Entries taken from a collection
Content starts

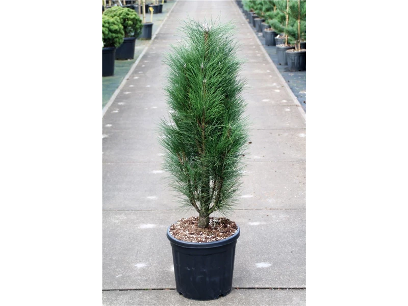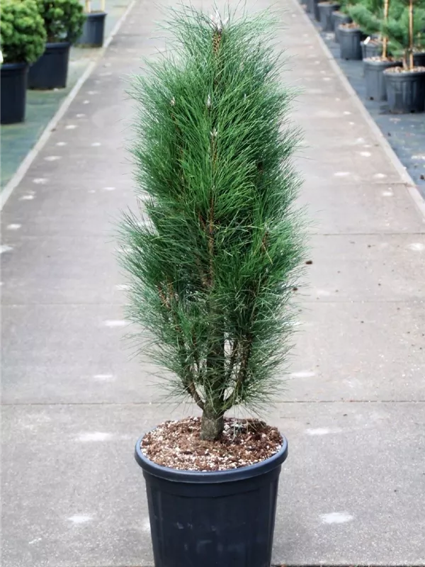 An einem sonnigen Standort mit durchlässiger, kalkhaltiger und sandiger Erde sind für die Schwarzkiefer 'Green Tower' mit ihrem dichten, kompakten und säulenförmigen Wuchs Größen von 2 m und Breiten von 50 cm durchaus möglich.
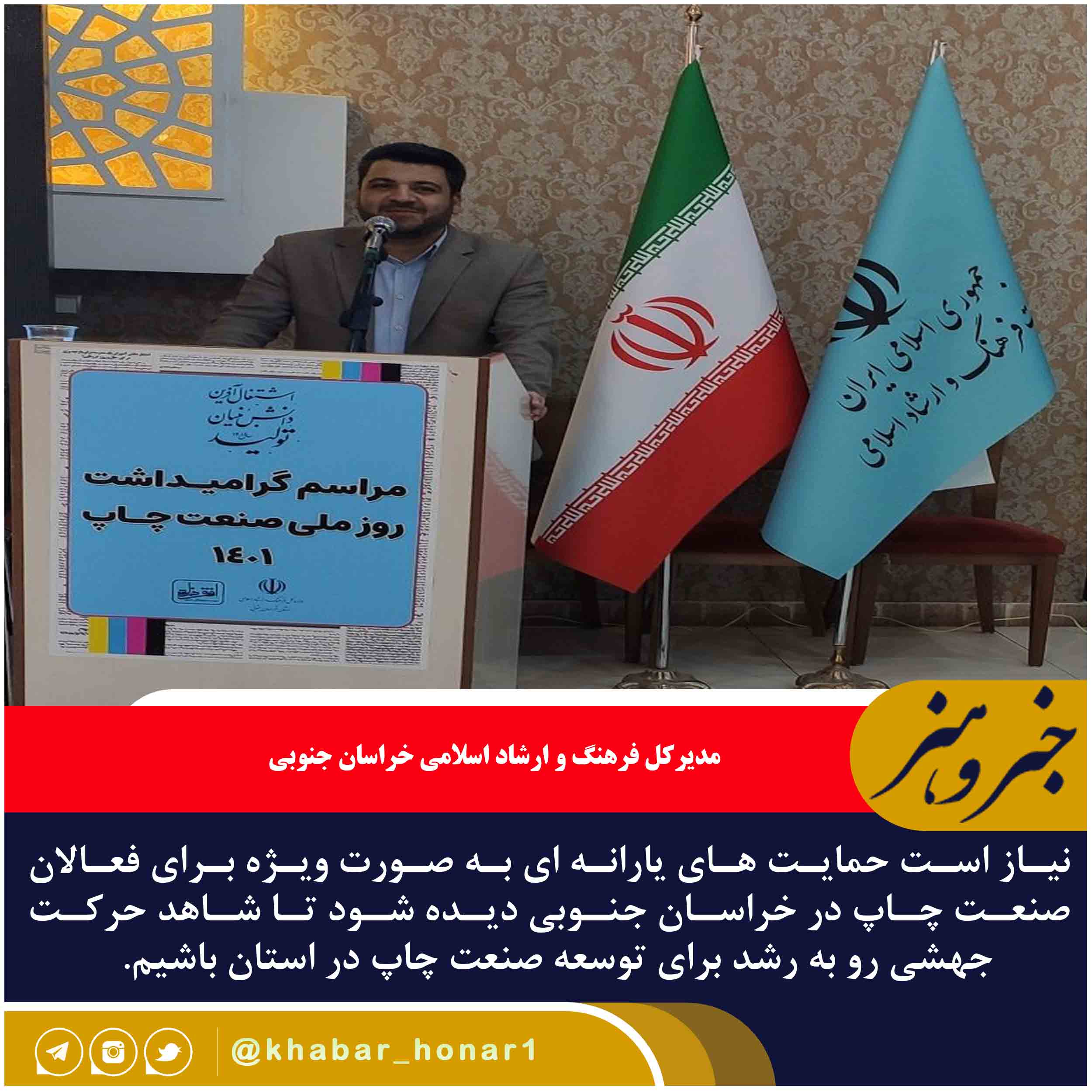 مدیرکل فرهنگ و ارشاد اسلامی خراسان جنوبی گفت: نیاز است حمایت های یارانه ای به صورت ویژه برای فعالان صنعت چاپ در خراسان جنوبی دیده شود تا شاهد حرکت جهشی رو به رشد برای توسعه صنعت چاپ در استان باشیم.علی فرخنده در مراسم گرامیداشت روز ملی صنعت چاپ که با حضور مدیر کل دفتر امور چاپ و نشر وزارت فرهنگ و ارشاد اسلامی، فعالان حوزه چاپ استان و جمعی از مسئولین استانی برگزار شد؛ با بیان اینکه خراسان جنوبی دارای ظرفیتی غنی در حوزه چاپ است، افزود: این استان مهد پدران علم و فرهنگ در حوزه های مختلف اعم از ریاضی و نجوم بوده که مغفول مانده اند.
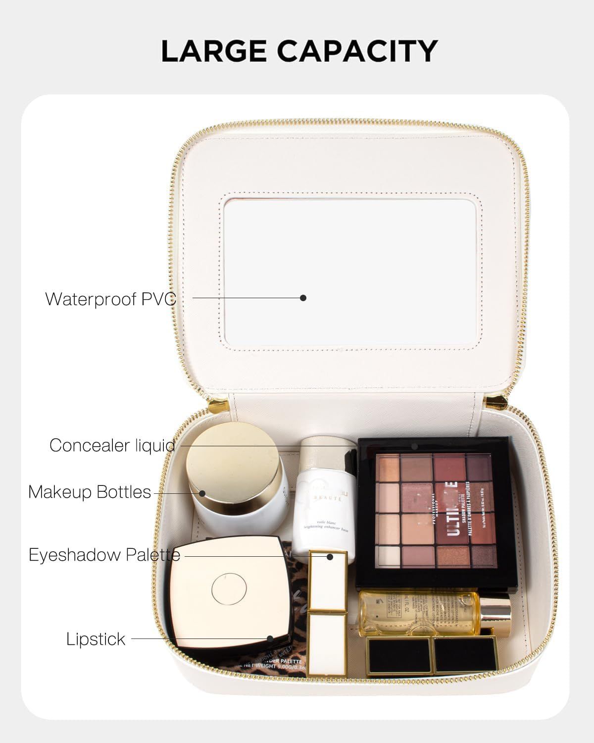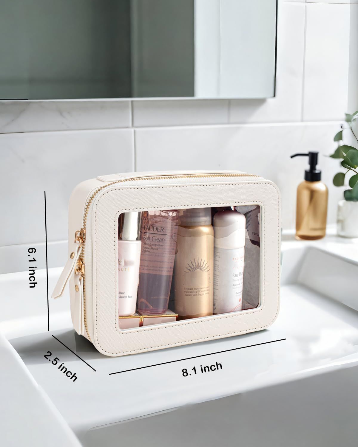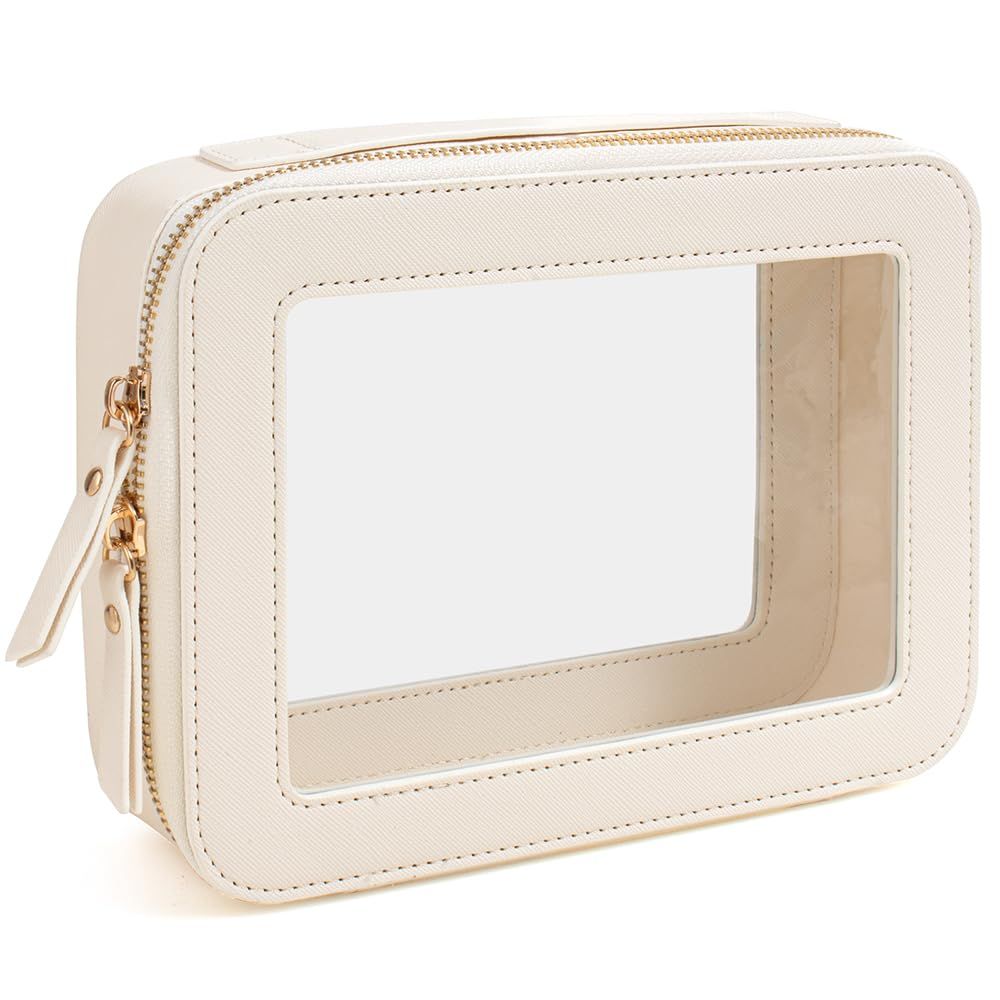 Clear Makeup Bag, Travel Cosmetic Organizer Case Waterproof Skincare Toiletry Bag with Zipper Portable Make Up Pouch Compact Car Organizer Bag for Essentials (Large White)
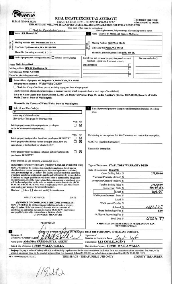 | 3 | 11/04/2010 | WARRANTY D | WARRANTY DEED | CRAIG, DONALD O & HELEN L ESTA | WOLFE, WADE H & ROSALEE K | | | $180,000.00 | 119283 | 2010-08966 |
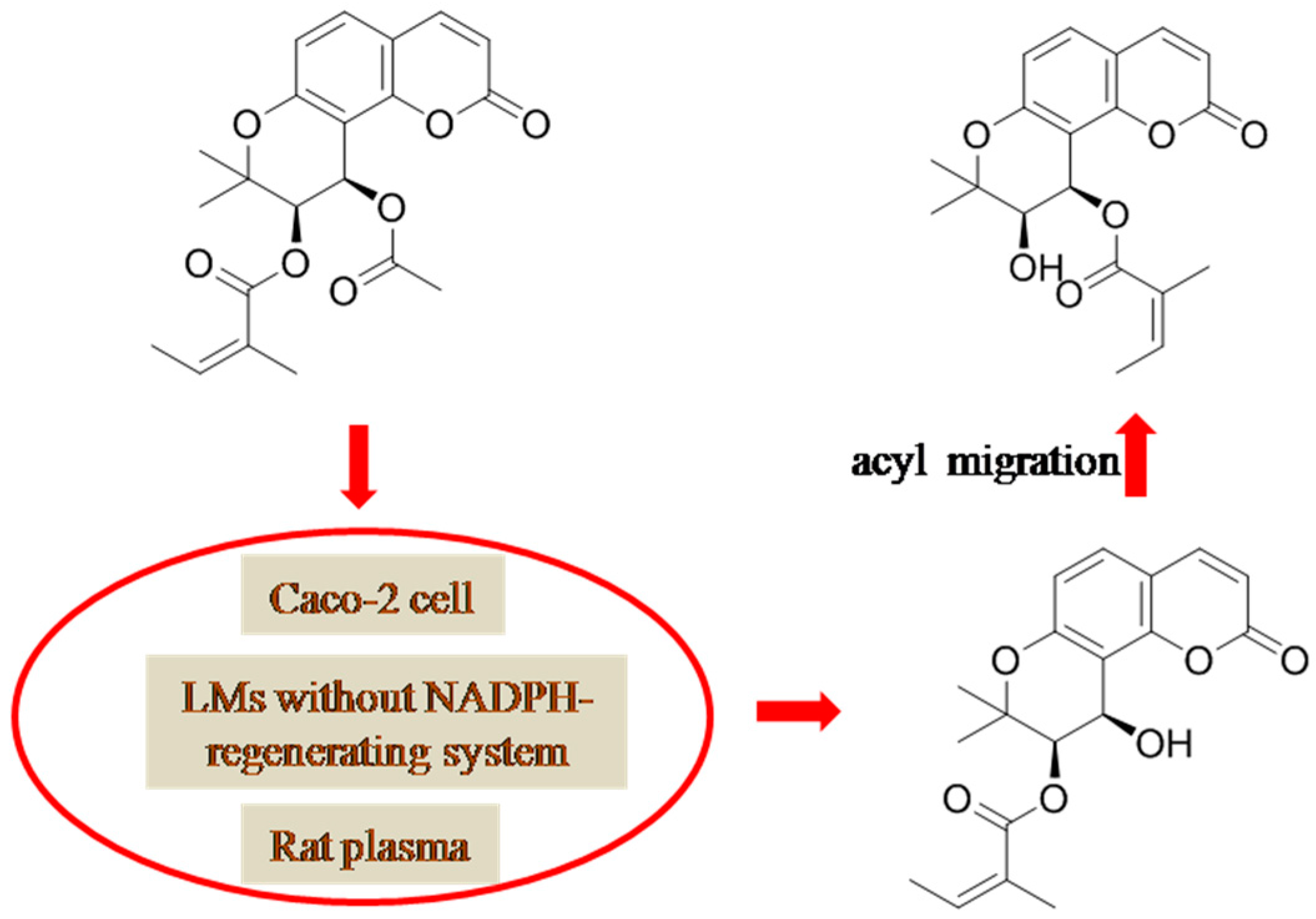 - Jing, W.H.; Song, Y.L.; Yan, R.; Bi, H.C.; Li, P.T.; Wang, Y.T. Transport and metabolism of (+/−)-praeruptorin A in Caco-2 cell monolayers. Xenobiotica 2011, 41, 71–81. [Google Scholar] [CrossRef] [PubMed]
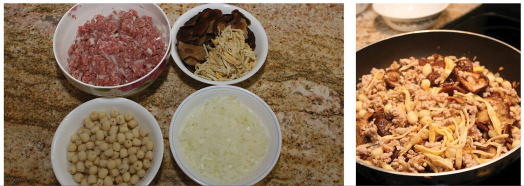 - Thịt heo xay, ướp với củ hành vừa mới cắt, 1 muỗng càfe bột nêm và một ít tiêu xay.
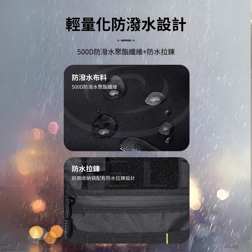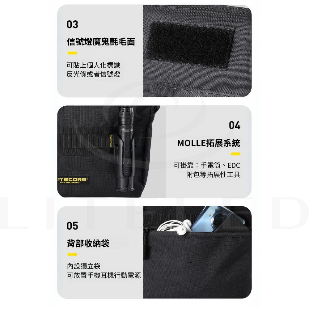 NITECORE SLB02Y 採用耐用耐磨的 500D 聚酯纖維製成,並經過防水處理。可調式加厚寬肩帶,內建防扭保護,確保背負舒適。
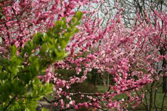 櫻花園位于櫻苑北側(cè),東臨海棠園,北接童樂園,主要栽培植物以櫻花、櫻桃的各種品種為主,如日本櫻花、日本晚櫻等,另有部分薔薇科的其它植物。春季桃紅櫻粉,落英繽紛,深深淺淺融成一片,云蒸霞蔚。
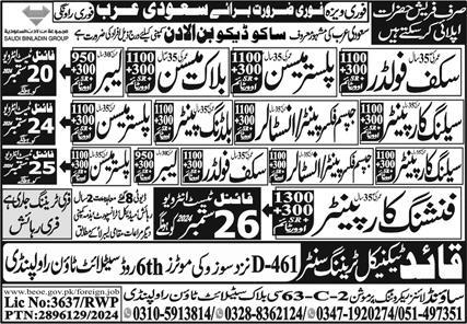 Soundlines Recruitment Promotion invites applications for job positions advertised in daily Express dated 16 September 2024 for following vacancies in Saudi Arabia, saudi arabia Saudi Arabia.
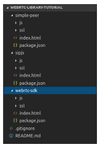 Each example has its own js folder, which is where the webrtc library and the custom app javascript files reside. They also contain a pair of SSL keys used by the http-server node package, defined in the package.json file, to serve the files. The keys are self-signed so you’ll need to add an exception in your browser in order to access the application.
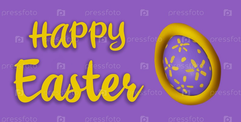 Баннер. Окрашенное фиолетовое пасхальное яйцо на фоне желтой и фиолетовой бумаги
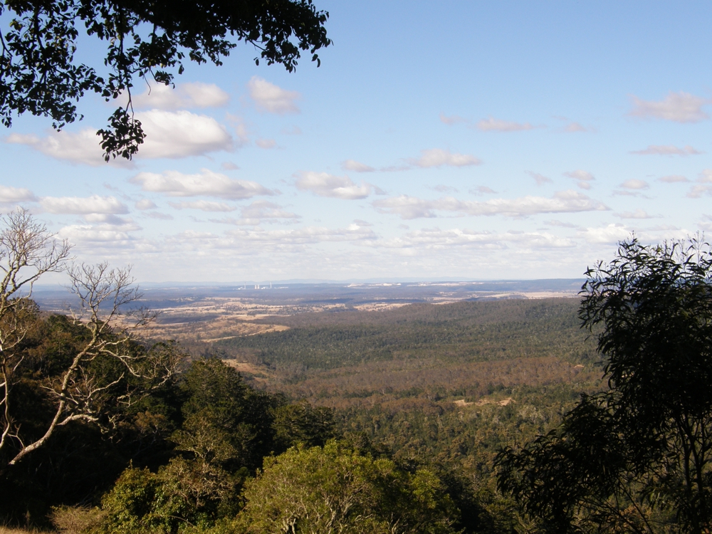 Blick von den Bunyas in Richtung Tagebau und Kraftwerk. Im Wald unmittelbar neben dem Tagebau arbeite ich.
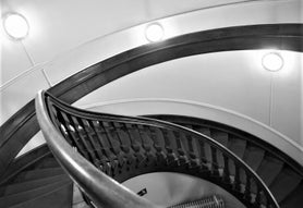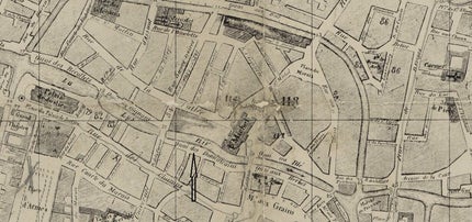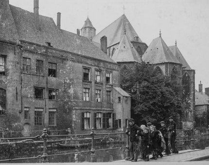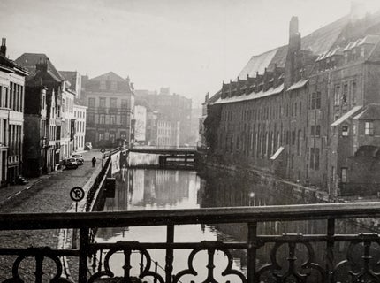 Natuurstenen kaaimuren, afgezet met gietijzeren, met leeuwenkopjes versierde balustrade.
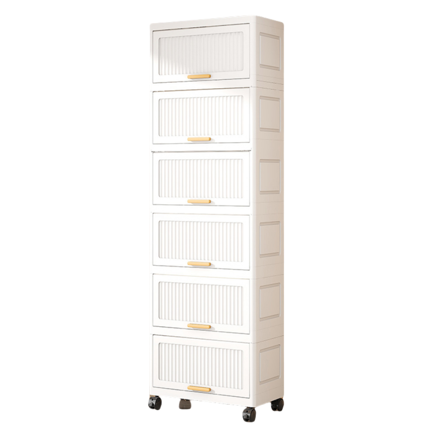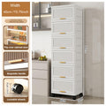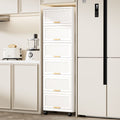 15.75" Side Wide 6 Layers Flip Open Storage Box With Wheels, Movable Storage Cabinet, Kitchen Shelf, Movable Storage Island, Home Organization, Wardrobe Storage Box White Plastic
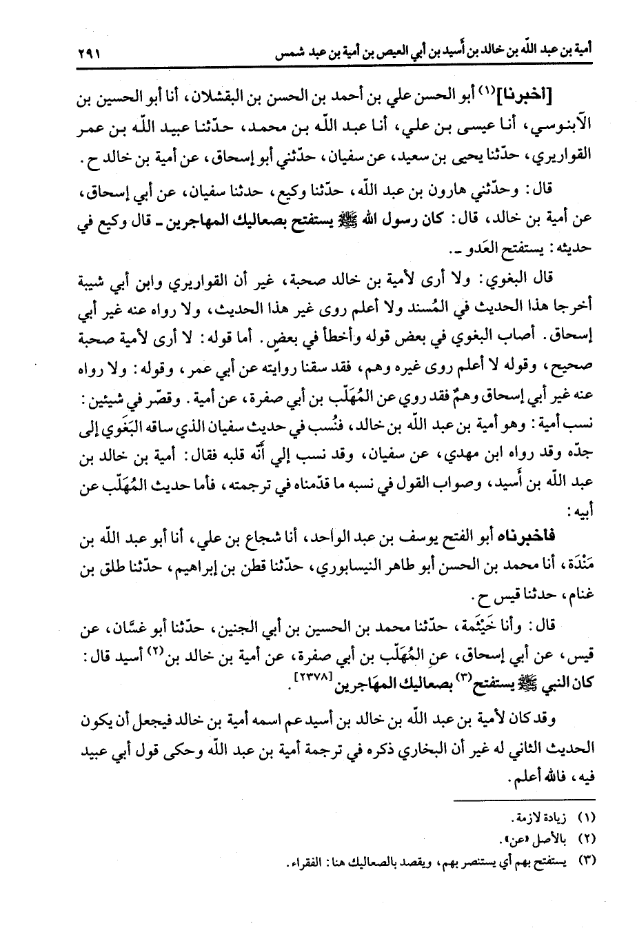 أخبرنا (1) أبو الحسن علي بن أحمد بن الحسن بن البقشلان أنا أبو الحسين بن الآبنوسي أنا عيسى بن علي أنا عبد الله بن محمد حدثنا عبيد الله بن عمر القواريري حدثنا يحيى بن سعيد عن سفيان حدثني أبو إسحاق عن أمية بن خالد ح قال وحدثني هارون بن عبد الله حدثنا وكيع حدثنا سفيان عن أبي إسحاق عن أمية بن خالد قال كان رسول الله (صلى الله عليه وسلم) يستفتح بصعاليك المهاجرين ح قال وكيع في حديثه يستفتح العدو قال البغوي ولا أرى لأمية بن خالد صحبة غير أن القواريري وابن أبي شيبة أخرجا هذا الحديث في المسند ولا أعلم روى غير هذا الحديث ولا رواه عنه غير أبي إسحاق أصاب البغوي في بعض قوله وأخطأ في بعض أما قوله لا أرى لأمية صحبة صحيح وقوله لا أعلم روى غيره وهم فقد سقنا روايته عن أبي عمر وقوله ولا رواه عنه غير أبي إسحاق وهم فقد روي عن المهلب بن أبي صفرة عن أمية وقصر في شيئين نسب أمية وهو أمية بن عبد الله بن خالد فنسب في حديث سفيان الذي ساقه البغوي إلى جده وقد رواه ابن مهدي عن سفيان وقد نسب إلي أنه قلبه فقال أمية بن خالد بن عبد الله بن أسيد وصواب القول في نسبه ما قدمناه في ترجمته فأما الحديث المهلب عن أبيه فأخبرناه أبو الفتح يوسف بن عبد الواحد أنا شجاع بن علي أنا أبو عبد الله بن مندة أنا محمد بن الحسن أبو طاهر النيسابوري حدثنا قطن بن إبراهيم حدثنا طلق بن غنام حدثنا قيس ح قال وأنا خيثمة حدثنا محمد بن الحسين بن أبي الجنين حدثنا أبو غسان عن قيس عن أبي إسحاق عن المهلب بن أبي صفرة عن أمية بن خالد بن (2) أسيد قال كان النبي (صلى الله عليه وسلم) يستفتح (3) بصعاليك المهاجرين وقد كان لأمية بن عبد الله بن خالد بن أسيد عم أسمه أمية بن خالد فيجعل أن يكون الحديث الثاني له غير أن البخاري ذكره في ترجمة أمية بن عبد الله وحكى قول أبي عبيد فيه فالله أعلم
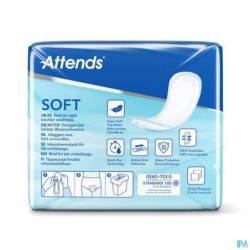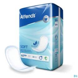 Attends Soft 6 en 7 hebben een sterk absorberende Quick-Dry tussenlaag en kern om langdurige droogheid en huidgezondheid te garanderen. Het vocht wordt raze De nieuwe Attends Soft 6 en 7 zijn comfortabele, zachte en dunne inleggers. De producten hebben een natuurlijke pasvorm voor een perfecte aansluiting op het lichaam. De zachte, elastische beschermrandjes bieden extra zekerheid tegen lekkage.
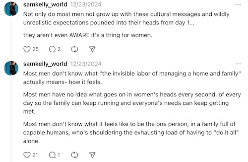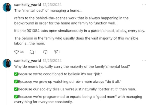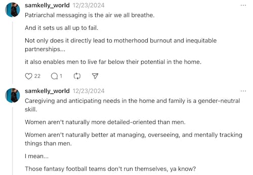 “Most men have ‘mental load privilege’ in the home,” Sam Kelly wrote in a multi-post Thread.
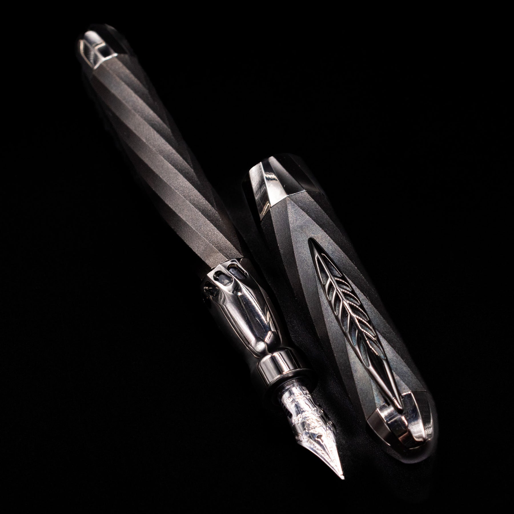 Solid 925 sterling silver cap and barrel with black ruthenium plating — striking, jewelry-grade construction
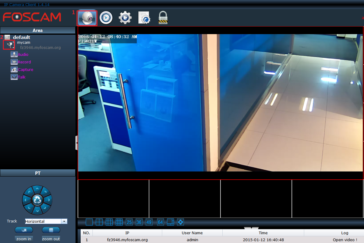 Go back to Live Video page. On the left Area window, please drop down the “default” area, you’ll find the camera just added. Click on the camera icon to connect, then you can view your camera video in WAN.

Content ends

# [WHAT YOU SHOULD DO]
Return nothing except the lines from the line with "a multi-post Thread." through the last line of the records above, copied exactly and without pictures.

# [EXERCISE RESPONSE]
 “Most men have ‘mental load privilege’ in the home,” Sam Kelly wrote in a multi-post Thread.
 Solid 925 sterling silver cap and barrel with black ruthenium plating — striking, jewelry-grade construction
 Go back to Live Video page. On the left Area window, please drop down the “default” area, you’ll find the camera just added. Click on the camera icon to connect, then you can view your camera video in WAN.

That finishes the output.